La voiture de fonction électrique : définition et enjeux RH

Une voiture de fonction est un véhicule appartenant à l’entreprise (ou pris en LLD/crédit-bail) mis à la disposition permanente d’un salarié, y compris pour ses déplacements personnels. Dès lors que le salarié peut utiliser le véhicule en dehors du temps de travail, la mise à disposition constitue un avantage en nature soumis à cotisations sociales et à imposition sur le revenu du salarié.

Historiquement, cet avantage en nature était calculé de façon forfaitaire ou au réel selon les coûts supportés par l’employeur. Pour les véhicules électriques, des règles dérogatoires favorables ont été introduites et prolongées jusqu’en 2027, rendant la voiture de fonction électrique structurellement moins coûteuse en charges sociales que son équivalent thermique.

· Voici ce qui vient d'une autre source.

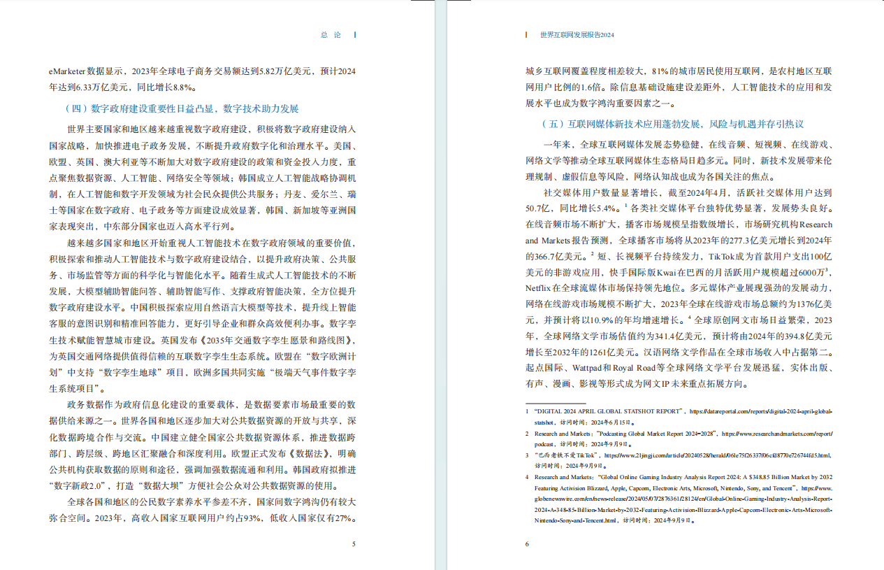 当世界百年未有之大变局加速演进,国际格局和秩序复杂演变。互联网、大数据、云计算、人工智能、区块链等新技术深刻演变,产业数字化、智能化、绿色化转型不断加速,智能产业、数字经济蓬勃发展,极大改变全球要素资源配置方式、产业发展模式和人民生活方式。同时,全球产业链供应链加速重构重组,网络和数据安全风险日益渗透,网络空间碎片化程度加剧,网络空间国际治理面临新的机遇和挑战。建设和维护一个和平、安全、开放、合作、有序的网络空间是各国的共同期盼,构建网络空间命运共同体日益成为国际社会的广泛共识。中国网络空间研究院精心编纂了《世界互联网发展报告》,对全球互联网发展情况进行分析、总结和评估,旨在客观地反映一年来互联网领域的发展情况并分析发展趋势,主要展示全球携手共建网络空间命运共同体的最新实践,把握世界互联网发展态势,反映各国互联网建设新举措、新进展,力求全面、准确、客观地揭示世界互联网发展的新情况和新特点,为加快构建网络空间命运共同体贡献中国智慧。
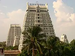 Iconography of Shiva temples in Tamil Nadu is governed by the Shaiva Agamas (IAST:Āgama) that revere the ultimate reality as the Hindu deity, Shiva. Āgama (Sanskrit: आगम, Tamil:ஆகமம்) in the Hindu religious context means a traditional doctrine or system which commands faith.[1] Temple worship according to Āgamic rules can be said to have started during the Pallava dynasty (551-901 A.D.) in South India, but they were fully under establishment during the Chola dynasty (848-1279 A.D.)[2] The temples during the Chola period expanded to Sri Lanka and islands in South East Asia. The temple complex was expanding with niches for various deities on the stipulated sides of the sanctum. Lingam was universalised and prakarams (precincts) with subsequent deities came up. The temple parivara (deities related to primary deity) expanded considerably during the Chola period. The niches of following Āgamic rules for building Shiva temples in Tamil Nadu, a South Indian state continues even in the modern era. Some of the prime images like that of lingam, Vinayagar and Parvati are present in all the Shiva temples. Almost all the temples follow the same custom during festivals and worship methods with minor exceptions. Most of the Shiva temples in Tamil Nadu and Sri Lanka (like Munneswaram temple, Koneswaram temple, Tennavaram temple, Ketheeswaram temple, Naguleswaram) are built in Dravidian architecture.
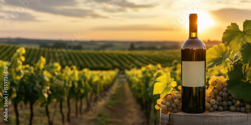 Fototapeta premium A vineyard at sunset with grapevines stretching into the horizon, wine bottle...

L’enjeu RH est double : attirer des collaborateurs avec un package attrayant, et contenir le coût total du véhicule de fonction dans le cadre de la transition énergétique imposée par la loi d’orientation des mobilités. Les entreprises de plus de 100 véhicules sont d’ailleurs soumises à des quotas d’acquisition de véhicules à faibles émissions lors du renouvellement de flotte.

Calcul de l’avantage en nature en 2026 : le régime favorable pour les VE

Pour les véhicules électriques mis à disposition entre le 1er février 2025 et le 31 décembre 2027, le calcul de l’avantage en nature bénéficie d’un abattement de 70 % sur la valeur évaluée selon la méthode forfaitaire, dans la limite de 4 582 € par an (valeur 2026).

En pratique, voici comment fonctionne le calcul forfaitaire pour un véhicule électrique en 2026 :

  • Véhicule acheté : la base de calcul est égale à 15 % du coût d’achat TTC (ou 10 % pour un véhicule de plus de 5 ans). L’abattement de 70 % s’applique sur ce montant, dans la limite du plafond annuel.
  • Véhicule loué (LLD ou crédit-bail) : la base est égale au total des dépenses supportées par l’employeur (loyer, entretien, assurance), hors électricité. L’abattement de 70 % s’applique sur cette base, plafonné à 4 582 € par an.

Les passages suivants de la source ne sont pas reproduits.